------ Exercise data ------

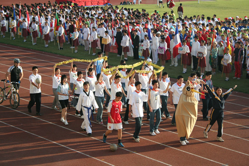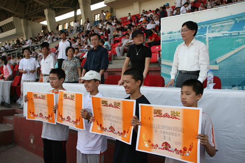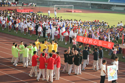 9月29日,在先农坛体育场举行了优米软件下载方法2006年模拟奥林匹克运动会。出席开幕式的有宣武区体育局包川局长、宣武区教委奥运办吴彦胜主任 、区教委体委科夏淑敏科长和我校全体校领导。模拟奥运会的新颖形式让同学们对世界和平友好,对奥林匹克精神有了更深的认识和理解。尤其是入场式,每班代表一个国际 奥委会成员国家或地区,各班同学身着代表各个国家或地区特色的服装,手擎国旗、展示牌,用新颖的队形、良好的精神状态展现出了附中人的活力与风采,受到了领导们的交口称赞。本次模拟奥运会在公平、友好、热烈的竞赛气氛中圆满结束,给同学们留下了深刻印象。
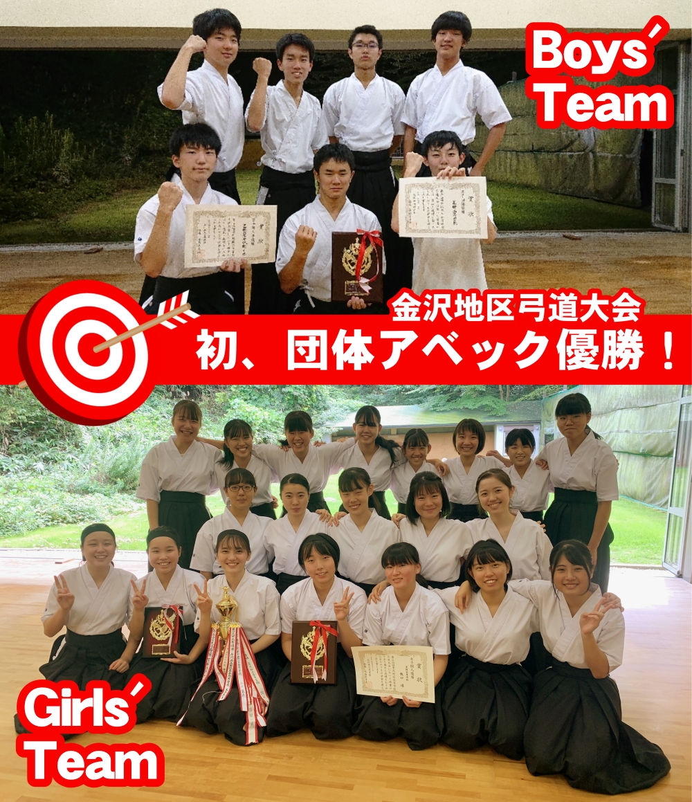 9月13日(日)、石川県立武道館にて金沢地区弓道大会が開催されました。出場できるチーム数を減らし、各チーム1時間以内に競技を終えるといった万全な感染予防対策のもと、たくさんの方々のご協力のお陰で、約半年ぶりに開催できた大会となりました。いつもとは異なる独特な雰囲気の中での大会ではありましたが、選手全員が「大会に出場できる」という感謝の気持ちを持って臨み、見事男女ともに団体優勝を果たすことができました!!また、男子個人の部では開 千珠が第2位、女子個人の部では牧口 遥が優勝し、男女ともに新体制としての良いスタートがきれたと思います。次は、11月の新人大会に向けて、さらに力をつけて躍進していきます!応援よろしくお願いします!
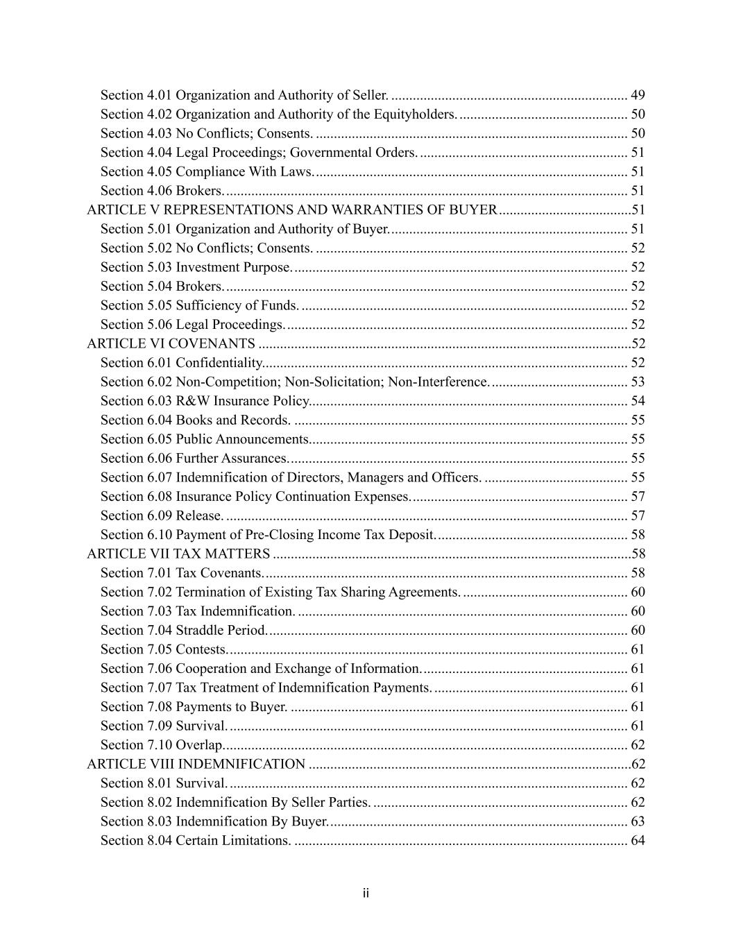 ii Section 4.01 Organization and Authority of Seller. .................................................................. 49 Section 4.02 Organization and Authority of the Equityholders. ............................................... 50 Section 4.03 No Conflicts; Consents. ....................................................................................... 50 Section 4.04 Legal Proceedings; Governmental Orders. .......................................................... 51 Section 4.05 Compliance With Laws. ....................................................................................... 51 Section 4.06 Brokers. ................................................................................................................ 51 ARTICLE V REPRESENTATIONS AND WARRANTIES OF BUYER .....................................51 Section 5.01 Organization and Authority of Buyer. .................................................................. 51 Section 5.02 No Conflicts; Consents. ....................................................................................... 52 Section 5.03 Investment Purpose. ............................................................................................. 52 Section 5.04 Brokers. ................................................................................................................ 52 Section 5.05 Sufficiency of Funds. ........................................................................................... 52 Section 5.06 Legal Proceedings. ............................................................................................... 52 ARTICLE VI COVENANTS ........................................................................................................52 Section 6.01 Confidentiality. ..................................................................................................... 52 Section 6.02 Non-Competition; Non-Solicitation; Non-Interference. ...................................... 53 Section 6.03 R&W Insurance Policy. ........................................................................................ 54 Section 6.04 Books and Records. ............................................................................................. 55 Section 6.05 Public Announcements. ........................................................................................ 55 Section 6.06 Further Assurances. .............................................................................................. 55 Section 6.07 Indemnification of Directors, Managers and Officers. ........................................ 55 Section 6.08 Insurance Policy Continuation Expenses. ............................................................ 57 Section 6.09 Release. ................................................................................................................ 57 Section 6.10 Payment of Pre-Closing Income Tax Deposit. ..................................................... 58 ARTICLE VII TAX MATTERS ....................................................................................................58 Section 7.01 Tax Covenants. ..................................................................................................... 58 Section 7.02 Termination of Existing Tax Sharing Agreements. .............................................. 60 Section 7.03 Tax Indemnification. ............................................................................................ 60 Section 7.04 Straddle Period. .................................................................................................... 60 Section 7.05 Contests. ............................................................................................................... 61 Section 7.06 Cooperation and Exchange of Information. ......................................................... 61 Section 7.07 Tax Treatment of Indemnification Payments. ...................................................... 61 Section 7.08 Payments to Buyer. .............................................................................................. 61 Section 7.09 Survival. ............................................................................................................... 61 Section 7.10 Overlap. ................................................................................................................ 62 ARTICLE VIII INDEMNIFICATION ..........................................................................................62 Section 8.01 Survival. ............................................................................................................... 62 Section 8.02 Indemnification By Seller Parties. ....................................................................... 62 Section 8.03 Indemnification By Buyer. ................................................................................... 63 Section 8.04 Certain Limitations. ............................................................................................. 64

------

[What to do] From the first line to the last, retype the data above exactly, but not its images.

[Expected answer]
 9月29日,在先农坛体育场举行了优米软件下载方法2006年模拟奥林匹克运动会。出席开幕式的有宣武区体育局包川局长、宣武区教委奥运办吴彦胜主任 、区教委体委科夏淑敏科长和我校全体校领导。模拟奥运会的新颖形式让同学们对世界和平友好,对奥林匹克精神有了更深的认识和理解。尤其是入场式,每班代表一个国际 奥委会成员国家或地区,各班同学身着代表各个国家或地区特色的服装,手擎国旗、展示牌,用新颖的队形、良好的精神状态展现出了附中人的活力与风采,受到了领导们的交口称赞。本次模拟奥运会在公平、友好、热烈的竞赛气氛中圆满结束,给同学们留下了深刻印象。
 9月13日(日)、石川県立武道館にて金沢地区弓道大会が開催されました。出場できるチーム数を減らし、各チーム1時間以内に競技を終えるといった万全な感染予防対策のもと、たくさんの方々のご協力のお陰で、約半年ぶりに開催できた大会となりました。いつもとは異なる独特な雰囲気の中での大会ではありましたが、選手全員が「大会に出場できる」という感謝の気持ちを持って臨み、見事男女ともに団体優勝を果たすことができました!!また、男子個人の部では開 千珠が第2位、女子個人の部では牧口 遥が優勝し、男女ともに新体制としての良いスタートがきれたと思います。次は、11月の新人大会に向けて、さらに力をつけて躍進していきます!応援よろしくお願いします!
 ii Section 4.01 Organization and Authority of Seller. .................................................................. 49 Section 4.02 Organization and Authority of the Equityholders. ............................................... 50 Section 4.03 No Conflicts; Consents. ....................................................................................... 50 Section 4.04 Legal Proceedings; Governmental Orders. .......................................................... 51 Section 4.05 Compliance With Laws. ....................................................................................... 51 Section 4.06 Brokers. ................................................................................................................ 51 ARTICLE V REPRESENTATIONS AND WARRANTIES OF BUYER .....................................51 Section 5.01 Organization and Authority of Buyer. .................................................................. 51 Section 5.02 No Conflicts; Consents. ....................................................................................... 52 Section 5.03 Investment Purpose. ............................................................................................. 52 Section 5.04 Brokers. ................................................................................................................ 52 Section 5.05 Sufficiency of Funds. ........................................................................................... 52 Section 5.06 Legal Proceedings. ............................................................................................... 52 ARTICLE VI COVENANTS ........................................................................................................52 Section 6.01 Confidentiality. ..................................................................................................... 52 Section 6.02 Non-Competition; Non-Solicitation; Non-Interference. ...................................... 53 Section 6.03 R&W Insurance Policy. ........................................................................................ 54 Section 6.04 Books and Records. ............................................................................................. 55 Section 6.05 Public Announcements. ........................................................................................ 55 Section 6.06 Further Assurances. .............................................................................................. 55 Section 6.07 Indemnification of Directors, Managers and Officers. ........................................ 55 Section 6.08 Insurance Policy Continuation Expenses. ............................................................ 57 Section 6.09 Release. ................................................................................................................ 57 Section 6.10 Payment of Pre-Closing Income Tax Deposit. ..................................................... 58 ARTICLE VII TAX MATTERS ....................................................................................................58 Section 7.01 Tax Covenants. ..................................................................................................... 58 Section 7.02 Termination of Existing Tax Sharing Agreements. .............................................. 60 Section 7.03 Tax Indemnification. ............................................................................................ 60 Section 7.04 Straddle Period. .................................................................................................... 60 Section 7.05 Contests. ............................................................................................................... 61 Section 7.06 Cooperation and Exchange of Information. ......................................................... 61 Section 7.07 Tax Treatment of Indemnification Payments. ...................................................... 61 Section 7.08 Payments to Buyer. .............................................................................................. 61 Section 7.09 Survival. ............................................................................................................... 61 Section 7.10 Overlap. ................................................................................................................ 62 ARTICLE VIII INDEMNIFICATION ..........................................................................................62 Section 8.01 Survival. ............................................................................................................... 62 Section 8.02 Indemnification By Seller Parties. ....................................................................... 62 Section 8.03 Indemnification By Buyer. ................................................................................... 63 Section 8.04 Certain Limitations. ............................................................................................. 64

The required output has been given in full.